How SNARE proteins drive fertilization

Researchers report on full picture of acrosomal exocytosis in PLoS Biology

By | September 7, 2005

Researchers describe, for the first time, the full molecular cascade that comprises acrosomal exocytosis, an essential step in fertilization, in this week's PLoS Biology.

"Exocytosis has been analyzed before, but the different steps were reconstructed from experiments done in different systems, including yeast and neurons," coauthor Luis Mayorga of the University of Cuyo, in Argentina, told The Scientist. "Now we have a complete picture of the process of membrane fusion occurring in one single system, from beginning to end. We expect our results to provide tools to better understand membrane fusion and control the process of fertilization."

Acrosomal exocytosis involves the fusion of acrosomal and sperm membranes, and the synchronized opening of hundreds of fusion pores between those membranes, explained Mayorga. As a result, enzymes contained in the acrosomal vesicle exit the cell, enabling the spermatozoon to penetrate the egg.
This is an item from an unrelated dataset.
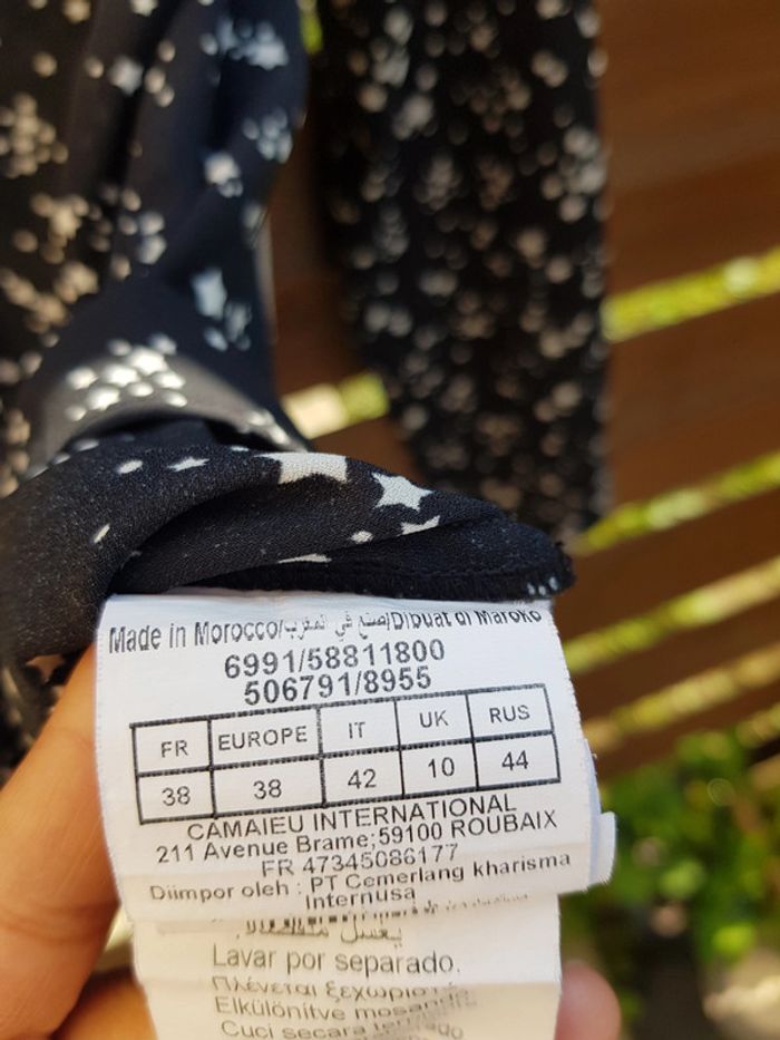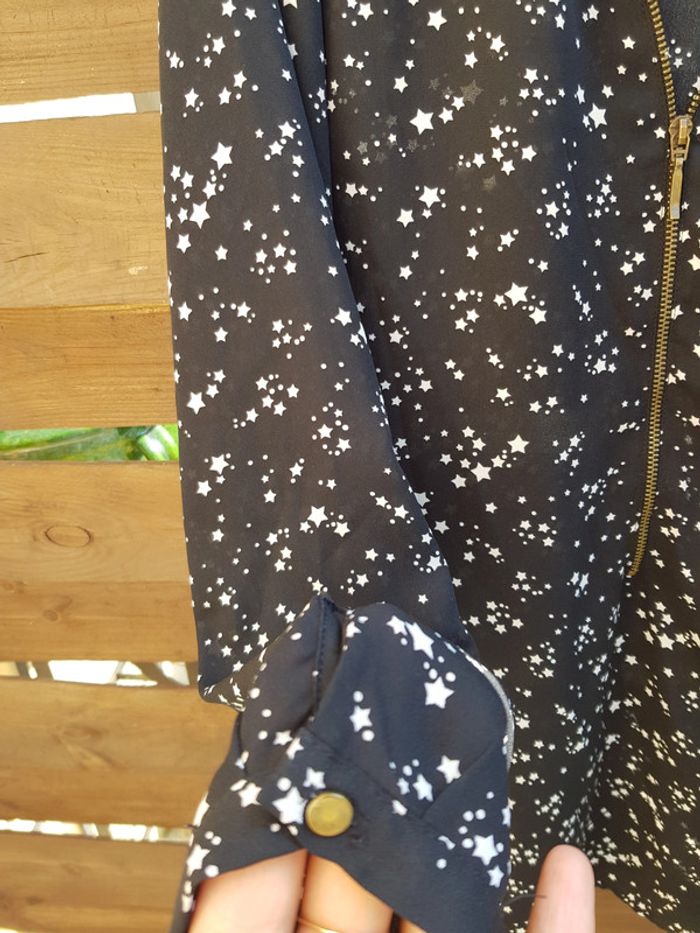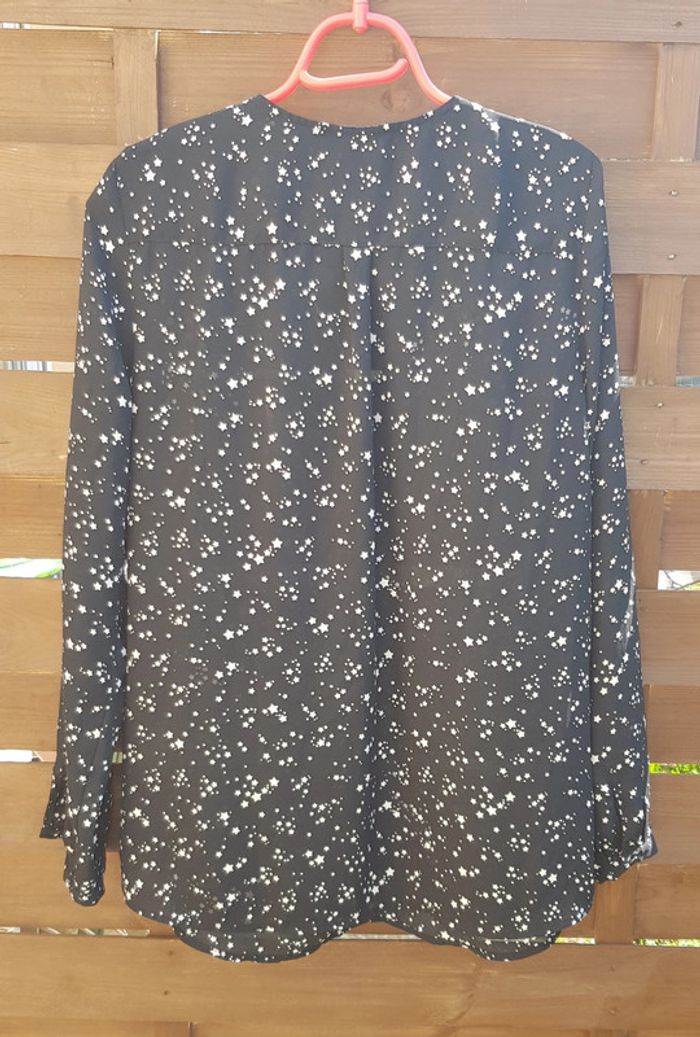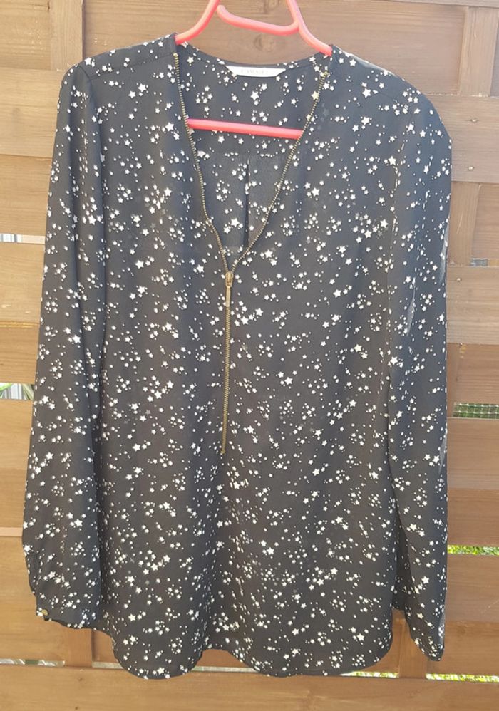 #blouse #femme #zippée imprimée #etoiles Avec manches Légèrement transparente #taille38 de chez #camaieu En #tresbonetat (faut juste remettre un bouton au niveau d'une manche, le bouton est disponible voir derniere photo!) #tailleLmelodyriri31

In the paper, a team led by Mayorga and Claudia Tomes use a functional assay and immunofluorescence techniques, as well as neurotoxins and a photosensitive calcium chelator, to unravel the sequence of events that comprise acrosomal exocytosis. They focused on the dynamics of SNARE protein complexes during membrane recognition and fusion.

The authors devised a model that starts with the resting sperm. At this stage, SNAREs on the acrosomal and sperm membranes are independently assembled in tight cis complexes, a fact revealed by their resistance to neurotoxins. When a spermatozoon reaches an egg, said Mayorga, calcium enters the sperm's cytoplasm and activates Rab3A, a GTP binding protein that triggers the disassembly of the cis SNARE complexes through an unknown process, leaving them toxin-sensitive. The chaperone NSF/alpha-SNAP is essential for this step of the process that renders monomeric proteins.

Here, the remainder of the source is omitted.